In the meanwhile, a mountain locomotive and a train of flat cars came clanking into the station where Weston waited. Swinging himself onto one he took his place among the men who sat on the rails with which the car was loaded. Then, as the big locomotive slowly pulled them out, some of his new companions vituperated the station-agent for stopping them, and one came near braining him with a deftly-flung bottle when he retaliated. There were a good many more men perched on the other cars, and Weston concluded, from the burst of hoa.r.s.e laughter that reached him through the roar of wheels, that all of them were not wholly sober. They had been recruited in Vancouver, and included a few runaway sailormen. One told him that they were going into the ranges to fill up a muskeg, and he expressed his opinion of the meanness of the company for not sending them up in a Colonist train, and offered to throw Weston off the car if he did not agree with him. He explained that he had already pitched off two of his companions.
Weston endeavored to pacify him; but, failing in this and in an attempt to crawl over the couplings into the adjoining car, he reluctantly grappled with the man and succeeded in throwing him into a corner. Then one of the others rose and stood over his prostrate comrade with a big billet of firwood that had been used to wedge the rails.
"I can't sleep with all this circus going on," he said gruffly. "Make any more trouble and off you go."
The other man apparently decided to lie still, and his comrade turned to Weston.
"Guess the construction boss isn't going to find them tally out right to-morrow," he observed, "We've lost quite a few of them coming up the line."
He went to sleep again soon afterward, and Weston was left in peace.
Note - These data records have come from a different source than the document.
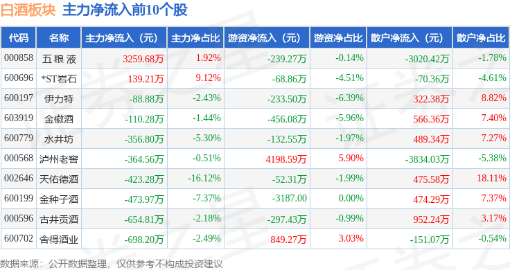 从资金流向上来看,当日白酒板块主力资金净流出3.76亿元,游资资金净流入1.79亿元,散户资金净流入1.97亿元。白酒板块个股资金流向见下表: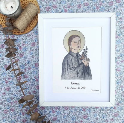 Ilustración de Santa Gema Galgani, uno de los trabajos para bautizos elaborados por Teresa y Pilar desde @trazodemami.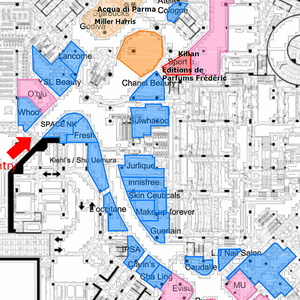 最近,《华丽志》探访了上海国金中心商场(IFC),这里地下二层的中庭空间(下图所示蓝色区域)在短时间内一下子冒出了一批国际高端香水品牌的独立门店: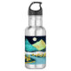 Un magnifique paysage avec des textures uniques montrant un paysage de rivière et de montagne avec une lune montante et ciel étoilé dans les tons de bleu, or, vert foncé et jaune.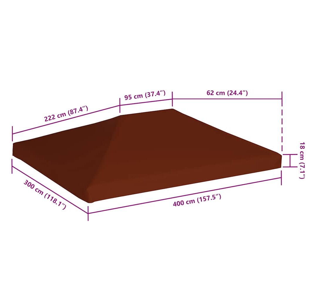 Acoperiș pentru pavilion, 310 g/m², cărămiziu, 3 x 4 m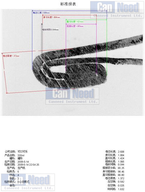 18)   可以保存和打印卷边图像和数据,方便与生产部门或制罐厂沟通,无需保留样罐;

In front of him the great locomotive snorted up the climbing track, hurling clouds of sparks aloft. Misty pines went streaming by, the chill night wind rushed past, the cars banged and clanked, and now and then odd bursts of harsh laughter or discordant singing broke through the roar of wheels. It was very different from the deep tranquillity of the wilderness and the quiet composure of the people with whom he had spent the last few weeks, but, as Ida Stirling had suggested, Weston's blood was red, and he was still young enough to find pleasure in every fresh draught of the wine of life. It was something to feel himself the equal in bodily strength and animal courage of these strong-armed men who were going to fill up the muskeg.